Ramping up to such levels of course takes time and money. So many people in the whole production chain to hire, train, etc. Expansion of whole infrastructure and said production chain. Whether it'd take a few years or a decade is besides the point.
But in reality that's not the situation today nor does it seem it will happen in the next decade or so. The only situation that'd spur such a change would be if the Chinese government said - "New World War is not only inevitable, but it's going to happen within the next X years. We're million percent sure of it". And then if said government went to the PLA and asked them "what would it take to win said war?" And, among other things, the PLA said "we'll, we'd need to double the size of our air force, and have it made up mostly of 5th gen planes. But it needs to be done quickly". So then the PLAAF would suddenly get obscene amounts of money, and keep getting them for years.
In such a situation we'd likely see those Defense budgets skyrocket from a 1.4 trillion Yuan to two trillion Yuan per year. (roughly speaking).
And then within several years we'd indeed see massive numbers of new units getting J20s, whole new units standing up and so on.
Anyway. We're not seeing that because it's not happening. Because PLAAF did not get said amount of money. Because the government doesn't see the war as an absolutely unavoidable and/or doesn't see it happening for sure within the next decade.
But as for the capability of Chinese planemakers to do that once and if such a decision comes - said capability is there. It's "only" constrained by time and money.
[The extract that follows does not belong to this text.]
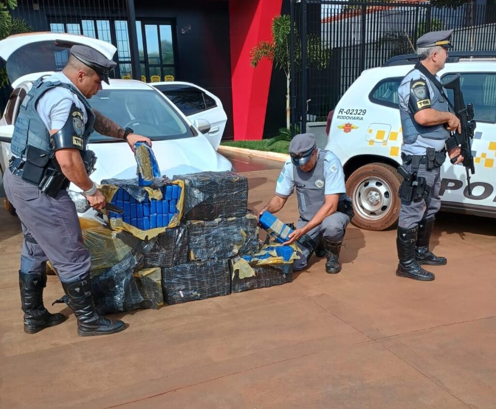 O veículo foi finalmente abordado na Estrada Municipal IBM-352, no quilômetro 1. Durante a vistoria veicular, os agentes localizaram 275 tabletes de maconha, que somaram o peso total de 208,370 quilos.

I would not be so quick to make such big conclusions.
It’s precisely because it takes years to spin up additional production capacity from start to delivery that our ability to observe such developments are understandably lumpy.
We won’t see all the incremental, behind the scenes hard work until the fruits of said work and investment start getting delivered to frontline units. In fact probably not even then as our ability to track new deliveries are massively limited to what China chooses to let us see and what slips through the net of its internet censors.
I think people may be surprised at the J20 production rates, as I think work to boost said production rates would have started years ago, and the first signs of that feeding through into additional production would have been around the time China started cracking down on wall climbers and the effective live updates from CAC abruptly ended.
I think that, and the preceding years of tolerance to such detailed reporting was very deliberate and well done effort to conceal the true annual production rates in the subsequent years.
By allowing a pretty consistent and relatively complete dataset to be collected through such unofficial leaks in the previous years, and then ending the leaks, the most logical course of action for outside observers would be to simply extend the original datapoints by time to arrive at the expected current total production numbers.
Now imagine if that original dataset was allowed to be collected precisely because CAC was only spinning up production rates and maybe even slowing down production as they trained people up for the new line(s) to replace the J10 lines and/or as they re-rolled for engine changes etc.
So the observed production rate might be 24 planes per year for example, but the true production rate might be 36 or even 48. This can make a huge difference if you are using the existing line production rate to estimate the new total production capacity of CAC once the J10 lines have finished converting to J20 production.
It’s easy to make such educated guesses, but nearly impossible to substantiate and prove it due to the lack of solid datapoints on current and future J20 production rates. More so because of the strength of the original dataset means that many will demand equal or better data before they will accept any assumed peak production rate per line.